Through analyzing genome features and reads alignment, we have found the causes for the high proportion of UCR in ONT assembly of VDL are sequencing errors and additional errors introduced by self-correction. The high error rates of ONT-raw reads make them not suitable for self-correction prior to allotetraploid genome assembly, as the self-correction will introduce artificial errors to > 5% of the UCR sequences. We suggest high-precision CCS reads be used to polish the assembly to correct those errors effectively for polyploid genomes.
许多药用植物以其复杂的基因组而闻名,这些基因组具有高倍性、杂合性和重复序列,这给这些物种的基因组测序带来了严峻挑战。来自牛津纳米孔测序技术(ONT)或太平洋生物科学公司单分子实时(SMRT)测序的长读长在从头基因组组装中具有很大优势,特别是对于具有高杂合性和重复序列的复杂基因组。目前,多个异源四倍体物种已通过长读长测序完成了基因组测序。然而,我们发现这些基因组中有相当一部分(平均7.9%,最高23.7%)无法被二代测序(NGS) reads覆盖(NGS reads未覆盖区域,UCR),这表明由于测序偏差,那些区域或无法通过NGS测序的基因组区域存在问题且质量较低。在基因组组装中这些UCR的潜在原因以及该问题的解决方案从未被研究过。
在本研究中,我们使用ONT平台对中国药用植物毛穗藜芦(Turcz.)O. Loes(VDL)的四倍体基因组进行测序,并并行采用三种策略组装基因组。

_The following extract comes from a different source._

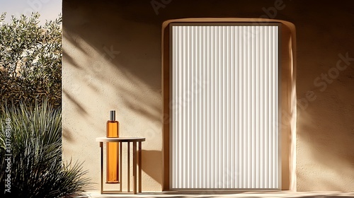Elegant Still Life Composition of Fragrance Bottle on Minimalist Table Near Textured Wall and Plants
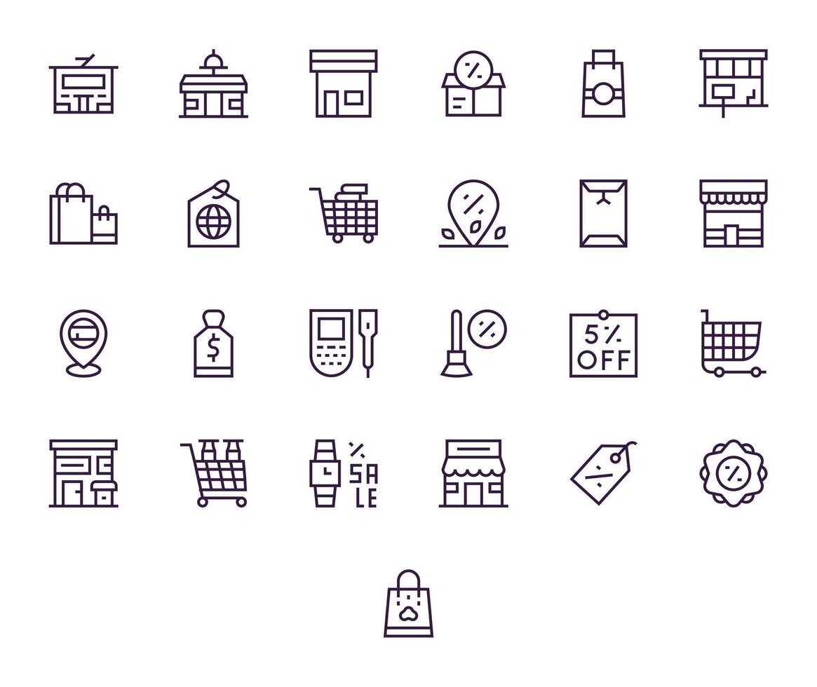 Retailer Icon Set with 25 Regular Line 64x64 Pixel Optimized Graphics Free Vector

我们将三种ONT组装的质量、覆盖度和杂合性与使用PacBio环形一致序列测序(CCS)技术对同一个体的另一个已发布组装进行比较,以探究UCR的原因。
通过将NGS reads与三种ONT组装以及CCS组装进行比对,我们发现NGS reads对那些ONT组装的覆盖度在49.15%至76.31%之间,远小于CCS组装的覆盖度(99.53%)。ONT组装与CCS组装之间的比对表明,大多数UCR可以与CCS组装比对上。因此,我们得出结论,ONT组装中的UCR是错误率高的低质量序列,无法与短读长比对,而不是无法通过NGS测序的基因组区域。ONT组装中间版本之间的进一步比较表明,这些错误最可能的来源是“自我校正”引入的人为错误和长读长中的初始测序错误。我们还发现用CCS reads对ONT组装进行优化可以有效地校正这些错误。
通过分析基因组特征和读长比对,我们发现VDL的ONT组装中UCR比例高的原因是测序错误和自我校正引入的额外错误。ONT原始读长的高错误率使其不适用于异源四倍体基因组组装前的自我校正,因为自我校正会将人为错误引入超过5%的UCR序列。我们建议使用高精度的CCS reads对组装进行优化,以有效地校正多倍体基因组中的这些错误。